FROM AUGUST 1667 TO APRIL 1670.

Immediately after the fall of Clarendon, the Duke of Ormond being then absent in his Lord-Lieutenancy of Ireland, the cabal round Charles for English affairs consisted of the Duke of York, the Duke of Albemarle, the Duke of Buckingham, Sir Orlando Bridgman (made Lord Keeper in succession to Clarendon as Lord Chancellor), Lord Privy Seal Roberts, and Lord Arlington and Sir William Morrice, the two Secretaries of State; with whom, for occasional purposes, were associated Lord Ashley, as Chancellor of the Exchequer and one of the Commissioners of the Treasury, Sir Thomas Clifford, as Comptroller of the Household and one

of the Commissioners of the Treasury, and Sir William Coventry, as one of the Commissioners of the Treasury. This cabal was modified by some subsequent changes. In June 1668 Clifford was promoted to the Treasurership of the Household, the Comptrollership going to Lord Newport. In September in the same year Sir William Morrice, who had been dwindling in importance, retired from his Secretaryship of State for £10,000, and was succeeded by Sir John Trevor. In March 1668-9, in consequence of a quarrel with Buckingham, Sir William Coventry was dismissed. Early in 1669, the Duke of Ormond having been removed from the Lord-Lieutenancy of Ireland by Buckingham's contrivance, Lord Roberts went to Ireland as his successor. On the 3rd of January 1669-70 Monk died of a dropsy, at the age of sixty-one, and there was to be no farther influence of his in the affairs of the Restoration. The general effect of these changes had been to increase the importance of Ashley and Clifford in the cabal. On the whole, however, the chiefs from the beginning were Buckingham (without office till he became Master of Horse by purchase from Monk) and Lord Secretary Arlington. A kind of pseudo-premiership, indeed, had been accorded to Buckingham, which might have been turned into a real premiership but for his incorrigible fitfulness and the scandal of his private profligacies. As it was, the steadier, calmer, and more laborious Arlington was more than his rival, especially in the foreign department. Ashley was first distinctly adopted into the cabal as an adherent of Buckingham, and Clifford as an adherent of Arlington 1.

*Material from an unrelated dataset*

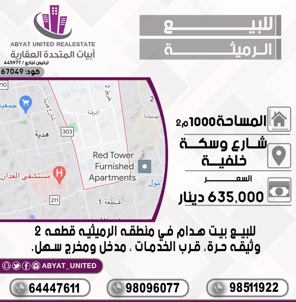 For sale: A demolished house in the Rumaythiya area, plot 2, area 1000 square meters, location with a street and back alley, freehold document, near services, easy access and exit. For inquiries, mobile 1, mobile 2, mobile 3 - Price 635 thousand dinars - Code number 67049
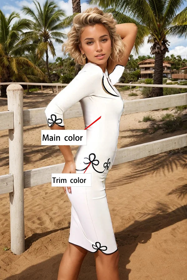 This slim-fit, knee-length set is a masterpiece of contrast and detail, featuring a tailored upper top and a matching pencil-style skirt.

Consisting mainly of a selection of the politicians that had been in opposition to Clarendon, the very characteristic of this cabal of Buckingham's pseudo-premiership was its willing agreement with the King in an endeavour to reverse some parts of Clarendon's policy, and more especially his rigid church-policy, as it had taken shape in such barbarities as the Act of Uniformity, the Conventicles Act, and the Five Miles Act.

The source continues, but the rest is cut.